What is Varnish?

Varnish is a high-performance HTTP reverse proxy designed to cache and serve web content extremely fast.
It sits between the client (browser) and your backend server (like nginx or Apache), and serves cached responses without having to hit PHP or MySQL every time.

📍 Typical request flow with Varnish:

  1. The browser sends an HTTPS request
  2. A web server (e.g. nginx on port 443) handles SSL termination
  3. The decrypted request is passed to Varnish on port 80
  4. If the page is cached (hit), Varnish responds directly
  5. If not (miss), it queries the backend (e.g. nginx on port 8080), which executes PHP-FPM (often on port 9000 or via socket)

⚠️ Varnish does not handle SSL. It must sit behind a reverse proxy that terminates TLS (like nginx or Traefik).

Configuring Varnish with Magento 2

Magento 2 offers native support for Varnish as a Full Page Cache (FPC) backend.

📦 Basic setup:

  1. Go to Magento Admin:
    Stores > Configuration > Advanced > System > Full Page Cache
  2. Select Varnish as the caching application
  3. Click “Export VCL” to download the configuration file

Magento provides a ready-to-use .vcl file that you can plug into your Varnish setup.

🔧 Understanding the VCL file

The .vcl file defines how Varnish behaves:

  • backend servers
  • cache logic
  • TTLs and headers
  • cookie handling
  • purge rules

👉 Official Varnish documentation:
https://varnish-cache.org/docs/

In Magento’s exported VCL file, key components include:

🔹 Backend definition

backend default {
  .host = "127.0.0.1";
  .port = "8080";
}

This tells Varnish where to forward requests when it has no cached version.

🔹 Purge ACL

acl purge {
  "127.0.0.1";
  "localhost";
  "IP publique du serveur";
  "IP du backend";
}

Only these IPs can purge the Varnish cache.

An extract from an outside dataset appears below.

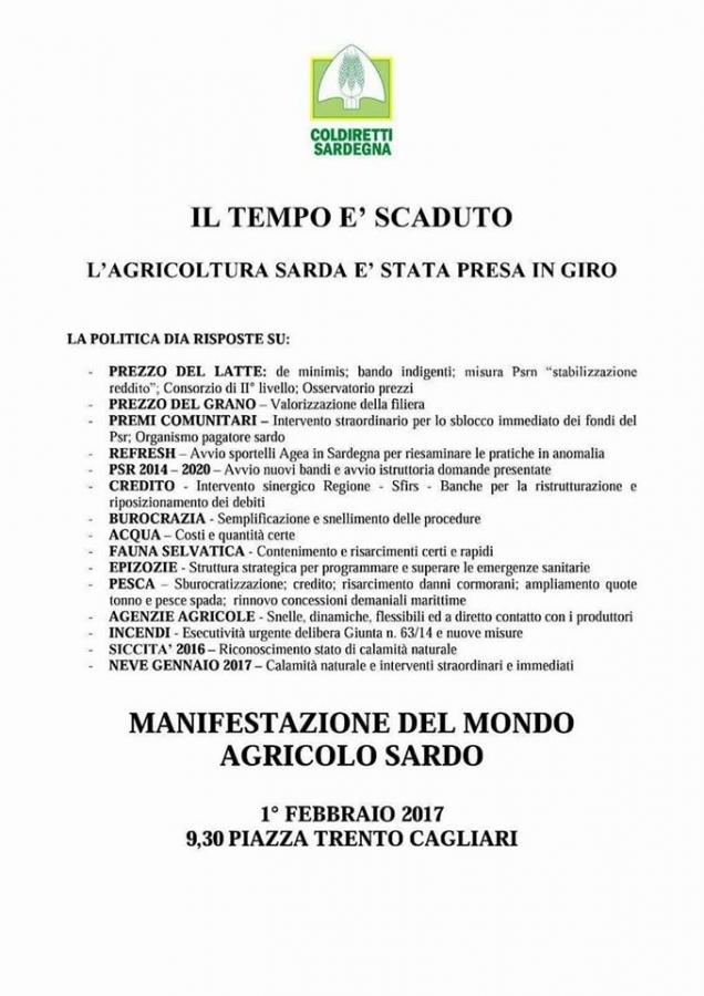 Sono arrivati numerosi, oltre 4 mila, da tutta la Sardegna e ora marciano verso il Consiglio Regionale. Sono gli agricoltori e pastori, ma anche pescatori della Sardegna che alzano la voce contro le istituzioni regionali, colpevoli di non aver supportato il maggior settore economico sardo con la giusta programmazione, perchè molte e diverse sono le problematiche irrisolte. In particolare si rimprovera alla politica l'assenza di azioni di tutela atte a scongiurare il crollo del prezzo del latte.
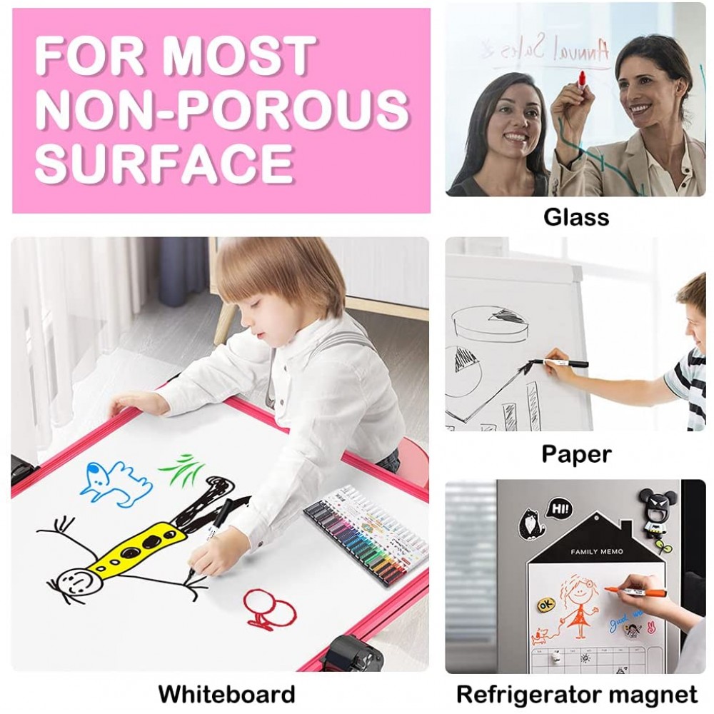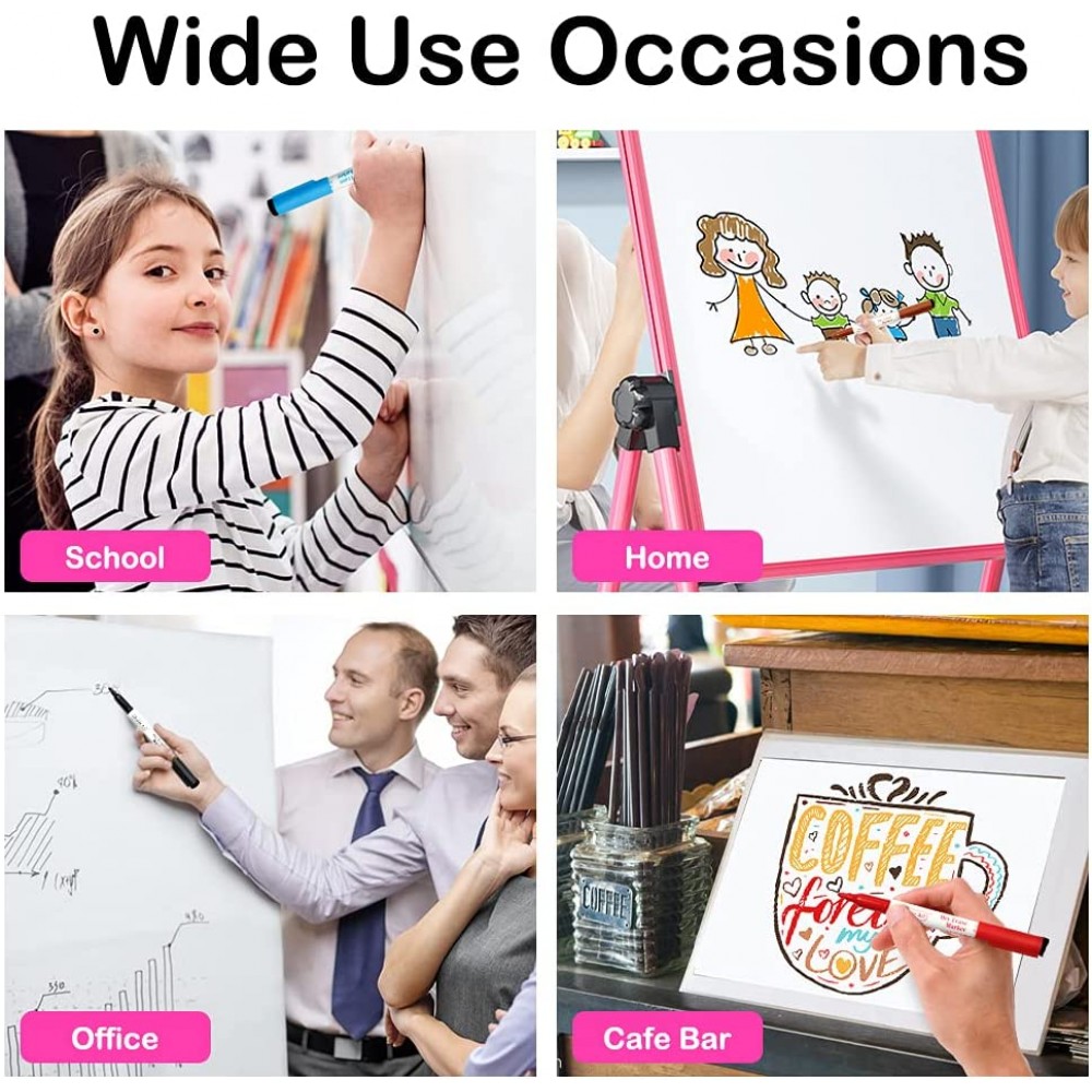 - Limpiar fácilmente: escribir suavemente y secar rápidamente con tinta lavable se puede limpiar fácilmente de pizarras blancas, vidrio, espejo y la mayoría de superficies no porosas con cualquier paño o borrador. El kit es adecuado tanto para adultos como para niños. Se puede utilizar en muchos lugares como el hogar, aulas, oficinas, sala de juntas, sala de conferencias, restaurante, estudio, etc.

⚙️ Configuring Magento to work with Varnish

env.php : Varnish hosts for purge

Magento keeps track of the Varnish servers to notify for cache purge in the following config:

'http_cache_hosts' => [
    [
        'host' => 'varnish',
        'port' => '6081'
    ]
]

Port 6081 is used by default for PURGE requests (not for regular traffic).

💡 Using Traefik in front?

If you’re using Traefik as your main reverse proxy, there’s no need to pass requests through nginx before reaching Varnish.

➡️ You can route requests directly to Varnish, which then handles caching and, if needed, queries the backend.
This saves time and avoids unnecessary routing.

🏎️ Why is Varnish faster than Magento’s native FPC?

Magento offers FPC stored:

  • in filesystem (default)
  • or in Redis

But in both cases, Magento still has to be partially executed to return the cached response.
With Varnish, the cache sits entirely upstream — no PHP execution and no database access.

With Varnish:

  • No Magento bootstrapping
  • No PHP execution
  • No MySQL queries

Result: pages load in milliseconds, and your infrastructure can focus on real user actions (like buying stuff).

🎯 What not to cache with Varnish

Don’t use Varnish to cache images, media, or static files (JS/CSS). Why?

Magento media includes:

  • hundreds of static files (versioned, digested)
  • multiple product image sizes
  • theme-specific assets

📌 Use a CDN like Cloudflare for those files and configure cache rules there to handle image and asset delivery.

🧩 Handling personalized content?

Full Page Cache is great… unless you need to serve user-specific data:

  • customer-specific prices
  • cart or account-related blocks

Two common approaches:

  1. Use AJAX requests to load dynamic blocks after page load
  2. Use localStorage to manage client-side personalization

The right solution depends on the use case, UX goals, and security concerns.
👉 We’ll cover that in a future article.